The 25th annual Retirement Confidence Survey said that 37% of workers are "very confident" about the ability to live a retirement on their own terms that's double the amount from 2013 and another 36% were "somewhat confident." Terrific.

Reality is however that little has changed in the way of underlying data to conclude that those dramatic rises in confidence are based on anything other than "hoping it to be true."

The data shows that 57% of workers have an aggregate value of less than $25,000 in savings and investment. That's frighteningly low.
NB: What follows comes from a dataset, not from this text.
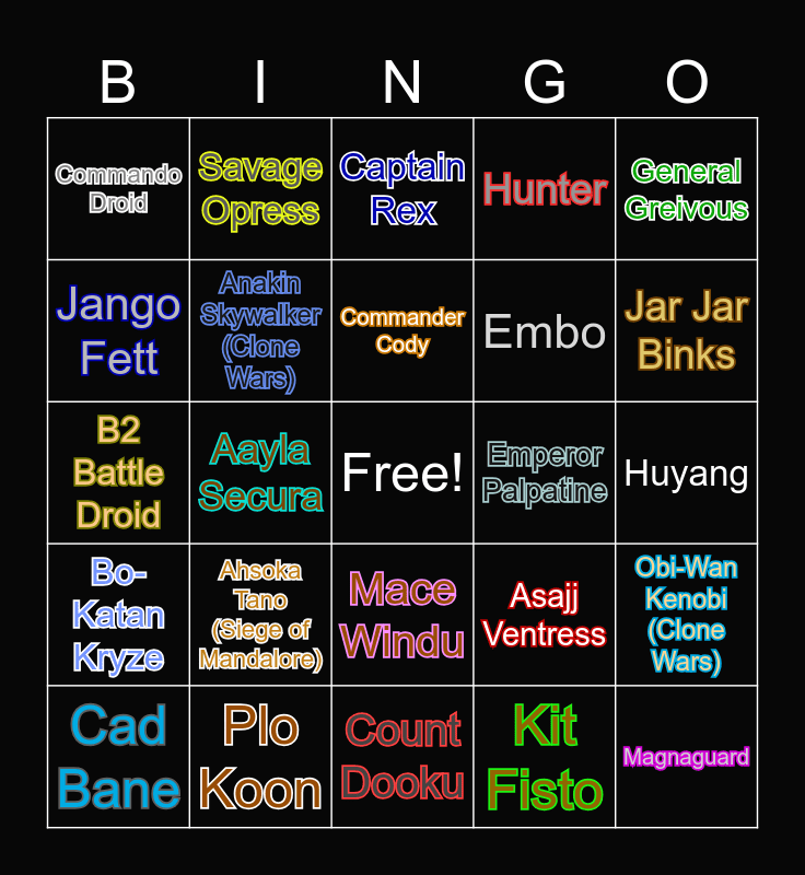 This bingo card has a free space and 24 words: Ahsoka Tano (Siege of Mandalore), Plo Koon, Commander Cody, Cad Bane, General Greivous, Commando Droid, Jango Fett, Savage Opress, Emperor Palpatine, Mace Windu, Embo, B2 Battle Droid, Asajj Ventress, Obi-Wan Kenobi (Clone Wars), Anakin Skywalker (Clone Wars), Kit Fisto, Huyang, Captain Rex, Jar Jar Binks, Aayla Secura, Magnaguard, Bo-Katan Kryze, Hunter and Count Dooku.

So, how do we get to the dramatic rise in optimism? Well, frankly, it's a mere extrapolation of of data and you can pretty much pick the data you'd like to delude yourself into believing. If the price of homes in your neighborhood has shot up recently, simple, just assume that that meteoric rise continues. Even though it won't.

Stock market up 32%? Let's assume that'll continue, even though it can't.
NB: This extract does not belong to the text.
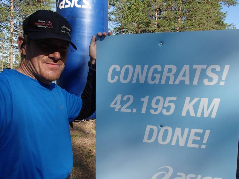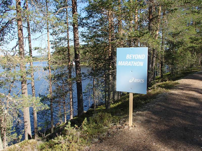 Mellansjön 10.18 Uhr / Km 41 Etwas überraschend stand ich plötzlich an der Marathon-Marke. So etwas hatte ich zwar erwartet, aber doch erst nach dem Schild mit der 48. |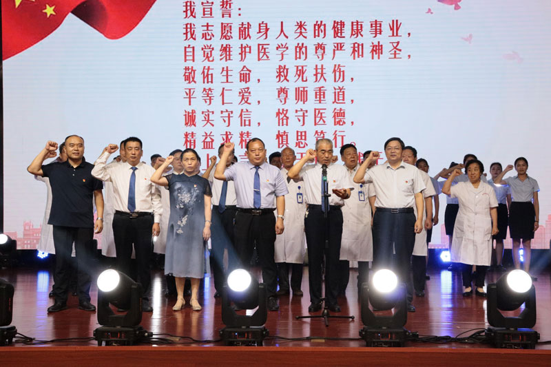 晚會最后,由王克志院長領(lǐng)誓,帶領(lǐng)全體醫(yī)師重溫中國醫(yī)師宣言,“我宣誓,我志愿獻身人類的健康事業(yè),自覺維護醫(yī)學(xué)的尊嚴和神圣.....”那一句句鏗鏘有力的誓言是全體醫(yī)務(wù)人員的心聲,那一句句飽含深情的話語是白衣戰(zhàn)士們最真情的表達。

**Unfortunately, there's no substitute for answers. **

We can fool ourselves all we want, but in the final analysis, the joke's going to be on us.

I asked a potential Client the other day; "If I have $5,000,000, do I have enough money to retire on?" The answer was an enthusiastic, "absolutely!"

I followed it with the following: "If I have $5,000,000 and plan on spending $6,000,000 do I have enough to retire on?" The answer was, as you'd expect, of course not.

So it isn't about what you have. It never has been. The commercials about your "magic number" were at least partially accurate...there IS A NUMBER and IT ISN'T MAGIC.

In the parlance of wealth management, the question is, this.......

*"Does the net present value of all your projected future spending and taxes result in a number that is greater than or less than, the projected future value of your assets and income, adjusted for inflation and predicated on the fact in whole or in part that the returns on your assets will be random?"*

Complicated question. One which I can assure you with almost precision like certainty, only a handful of people "know" the answer to.

Of this we can be sure;

- having "things" like a 401k and an IRA are nice, they're retirement assets but they don't assure you of anything
- having more than the $25,000 than the typical EBRI survey respondent is also nice, but that doesn't assure you of anything other than your retirement will likely be better than theirs and yet fall way short of your ideal
- having a lot more than the typical EBRI respondent assures you of nothing, other than you'll have a retirement better than them and the guy or gal next to them and the one, after that and the one after that.

But if you're all still falling short, who's the winner.

Quick recommendation here....get the math done. Not some math, not sorta math, your math.

It's your retirement, you own the outcome.